Il existe également une autre famille de labels incitatifs. Les uns servent à encourager les agriculteurs à réaliser leur transition, les autres visent à protéger l’environnement et respecter le vivant. Lancée par l’État en 2012, la certification Haute valeur environnementale (HVE) préserve la biodiversité, prône une meilleure gestion de l’eau, de la fertilisation avec la mise en place d’une stratégie phytosanitaire. Objectif, engager les agriculteurs dans une démarche d’amélioration constante et de développement durable à l’image du label Agri Confiance. Terra Vitis contrôle la consommation d’eau, de carburant, d’énergie et incitent les producteurs à réduire leurs déchets. Vignerons engagés fait compléter un questionnaire à ses partenaires pour réaliser un audit du domaine, évaluer les besoins de chacun et échanger sur l’avenir du métier. Ces derniers labels s’intéressent au cheminement social et environnemental (RSE).
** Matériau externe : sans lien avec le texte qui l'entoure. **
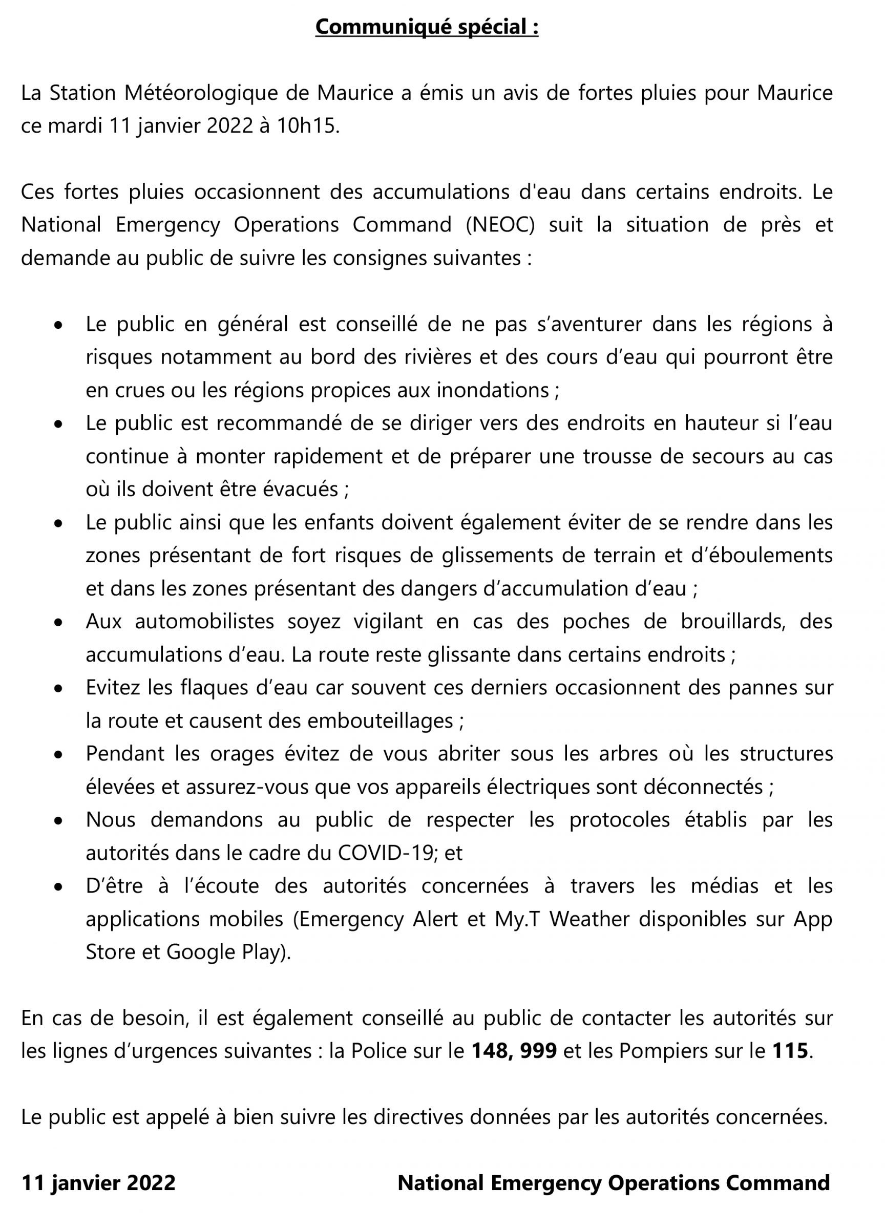 La station météo de Vacoas a émis un avis de fortes pluies, ce mardi 11 janvier. Cet avertissement est valable jusqu'à 16 h 00 cet après-midi.

Bee Friendly s’intéresse aux pollinisateurs, tandis que le label Zéro résidu de pesticides porte son nom pour communiquer sans rien revendiquer. Il existe un label végan, un autre halal… Le négociant Philippe Gérard rappelle que ces labels privés restent payants pour les vignerons sans faire mouche en caisse : "Une bouteille coûte environ 15 % plus chère. Le vin demande beaucoup plus d’effort à produire avec des rendements plus faibles et plus de risques de catastrophes. Mais vous aurez peu de chances d’avoir du mauvais vin." Un marché encore très perfectible : le vin bio ne représente que 8 % des bouteilles vendues en France.